The dissolved gas has the following serious adverse effects:

Dissolved gases increase the UV absorption of the fluid. This manifests itself as increased noise in the conventional use of UV absorbance detectors in HPLC systems.

In reducing the pressure (for example by intake negative pressure of the pump) can be dissolved gases again and form gaseous bubbles which impair the function of the pump.

At higher temperatures, as occurs for example in the chromatography column usually (by friction heat and possibly externa ßere heating), dissolved gas can be gaseous even at normal ambient pressure again and form bubbles. This results in virtually all common detection method to disturbances, such as noise peaks in the optical detector or spray instabilities in the mass spectrometer.

These problems are exacerbated if aqueous and organic solvent are mixed. In such mixtures, the solubility of gases is mostly borrowed considerable less than in the pure solvents. After mixing, the solvent is then supersaturated with gas, which extremely aggravated the tendency to blister. As long as the mixed solvent is under high pressure, the gas is still kept in solution when the pressure, however, approaches the ambient pressure produces bubbles.

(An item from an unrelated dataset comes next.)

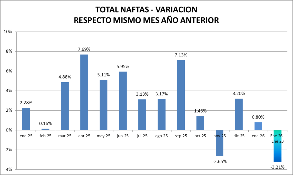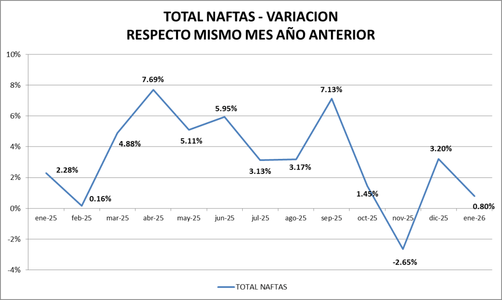 En enero de 2026 las ventas totales de naftas bajaron un 5,43% respecto al mes anterior, y fueron un 0,80% mayor que un año atrás.

Another problem in the HPLC is caused by the fact that the solvents are premixed or in many applications already prior to use mixed with additives. Since the individual components of such solvent mixtures having different high partial pressures, they evaporate at different rates (tive selective evaporation) so that the mixture ratio changes with time. This enables the chromatographic reproducibility, which is an important quality criterion in HPLC deteriorated. This is all the more problematic, the rarer the solvents are rescheduled. To degas liquids, thus reducing the amount of dissolved gas in the liquid, there are various known ways.

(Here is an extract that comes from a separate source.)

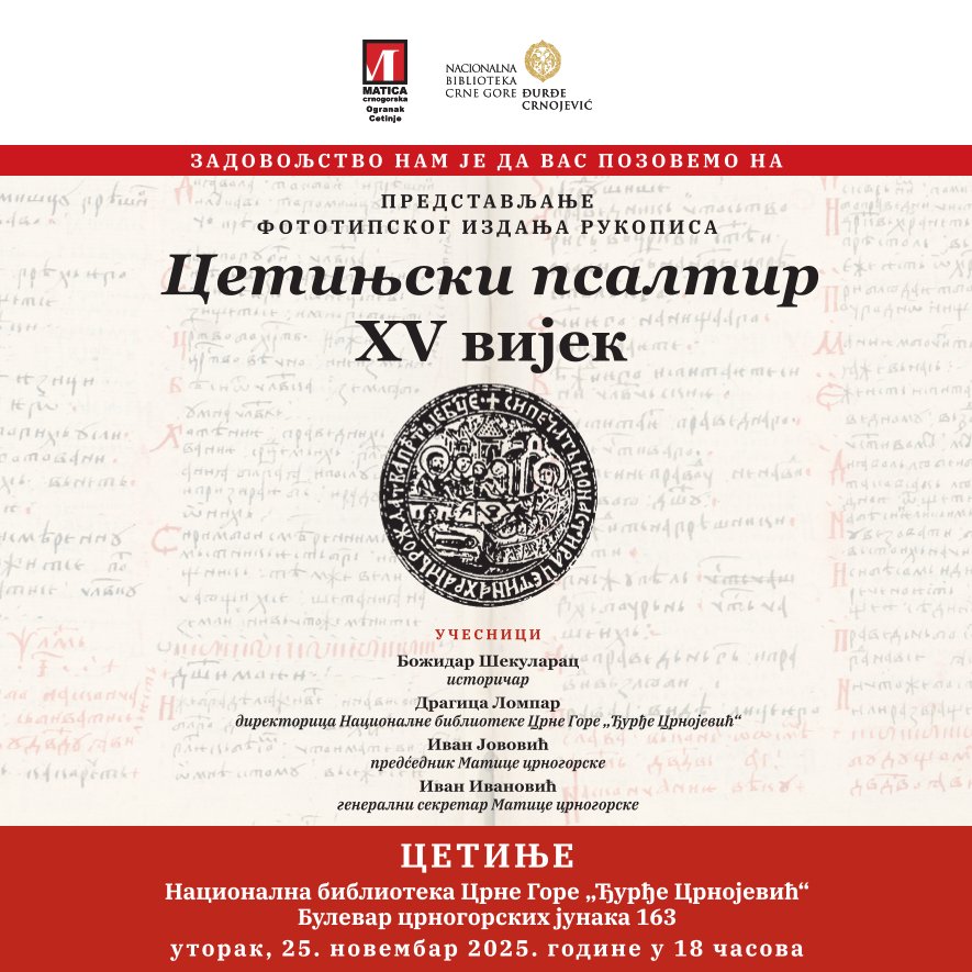Promocija fototipskog izdanja rukopisnog Cetinjskog psaltira iz XV vijeka biće održana u utorak, 25. novembra 2025. godine u 18 sati na Cetinju u organizaciji Matice crnogorske Ogranak Cetinje i Nacionalne biblioteke Crne Gore. Na promociji će govoriti Božidar Šekularac, istoričar, autor predgovora, priređivači Dragica Lompar, direktorica NBCG „Đurđe Crnojević“ i Ivan Ivanović, generalni sekretar Matice crnogorske i Ivan Jovović, predsjednik Matice crnogorske.

In HPLC widespread is the online vacuum degassing. In this case, the solvents to be degassed passes through a vacuum chamber in which the solvent is separated from the vacuum through a gas-permeable membrane or a gas-permeable hose. The dissolved gases can diffuse in contrast to the liquid through the membrane to the vacuum side. Thus, the solvent is removed from all the more dissolved gas, the longer it stays in the vacuum chamber. The basic method has long been known and is mentioned in the following patent specifications, which deal with specific embodiments: DE 4139735 C3, DE

4446270 C1, DE 69828594 T2, EP 1,529,560 B1.

A fundamental problem of vacuum degassing online is that not only dissolved gases, but also solvent vapors can pass through the membrane. This means that mainly volatile components of the solvent are extracted through the membrane (selective extraction). In pre-mixed solvents, the selective extraction causes an undesirable gradual change of the solvent composition, especially when the solvent remains a longer time in the vacuum chamber. This is especially the case when the HPLC operates at very low flow rates in the range of a few tens nl / min up to several μΙ / min (nano-HPLC). Nano-HPLC pumps new solvent usually soak only at long intervals, so that the solvent in the vacuum chamber is stationary most of the time. This leads to particularly strong selective extraction and fluctuations of solvent composition. Because of these problems is used in nano-HPLC is usually no online vacuum degassing.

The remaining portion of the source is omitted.